Yes, a photon may have no mass, but correspondingly it has no energy.
And then not be undone by fellow simpletons, another asks, “Ok then, what is music?”
“Oh boy,” says the crowd, “It’s notes.”
So this new curious fellow goes home to string together notes. The result is as you might imagine. Cacophony. He comes back to tell his crowd, “I put notes together, and it hurt my ears.” After being told what you have to do with notes--timing, pitch, rhythm, instrument tonality, and the like, he said, “Oh.”
The Point
Light waves are not just photons strung together in a row. They are a physical phenomenon of great complexity that possess and express enormous energy as they oscillate and speed through the universe. And that energy is a coefficient of their mass. And there is an awful lot of it out there. Enough maybe even to hold galaxies together. Even if you cannot see in it mass’s customary form of visible matter.

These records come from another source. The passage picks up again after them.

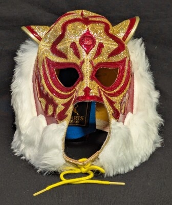 プロレスマスク※ミニサイズ YN製【初代タイガーマスク (金ラメ×赤ラメ・金フチ)】伝説タイプ ロゴ・タグ付き サイン入り
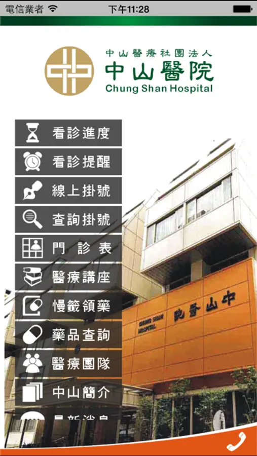 安裝中山醫院APP「行動資訊服務系統」,讓您隨時隨地一手掌握就診資訊,包括看診進度、看診提醒、行動掛號、門診表、醫療講座、藥品查詢、預約慢籤領藥、最新消息、醫療團隊介紹、交通資訊等服務,歡迎民眾踴躍下載使用。我們也將不定期提供系統功能升級與更新版本。
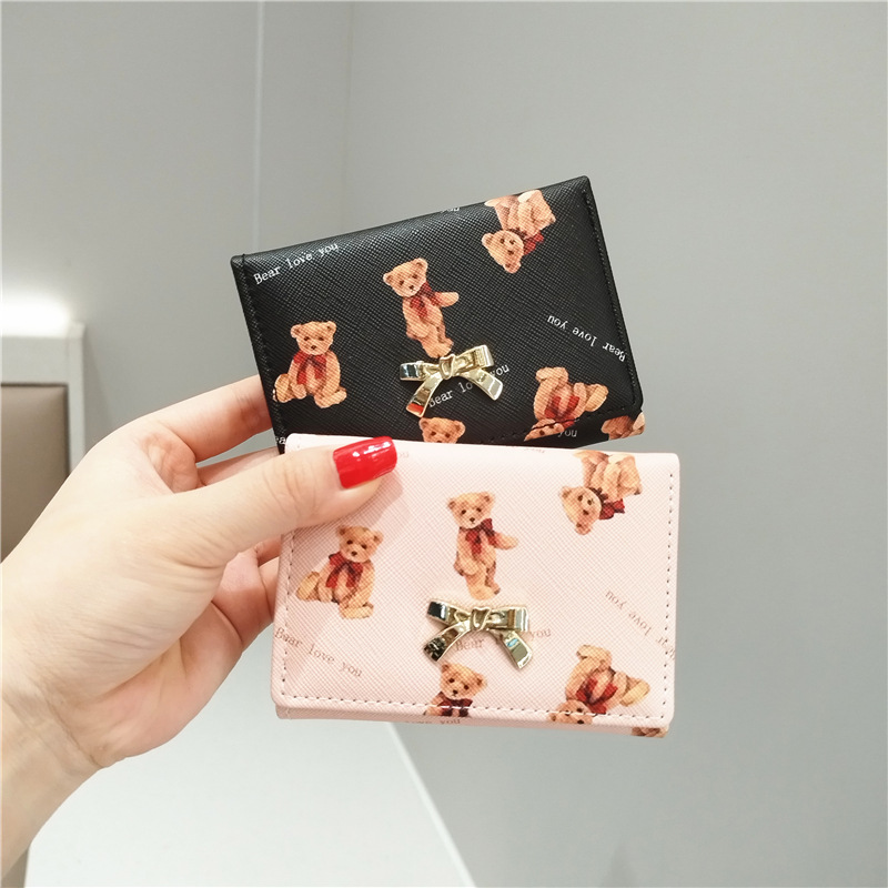 新款卡通可爱小熊款印花蝴蝶结三折小巧迷你学生钱包钱夹

And to be complete, are you sure a photon has no mass? If your answer is that by itself it has no energy, how then can a photon fly into an atom to displace an electron from its orbit, or energy level? Someone or something must have thrown it in, giving it at least kinetic energy. Consider a baseball. No energy just sitting in a ball bag, but hand it to a strong-armed southpaw, and it can speed across the plate at a hundred miles per hour.
A lightwave’s energy though is constant and unrelenting. Jessica just might have been on to something. Janek Kozielcek seemed to think so.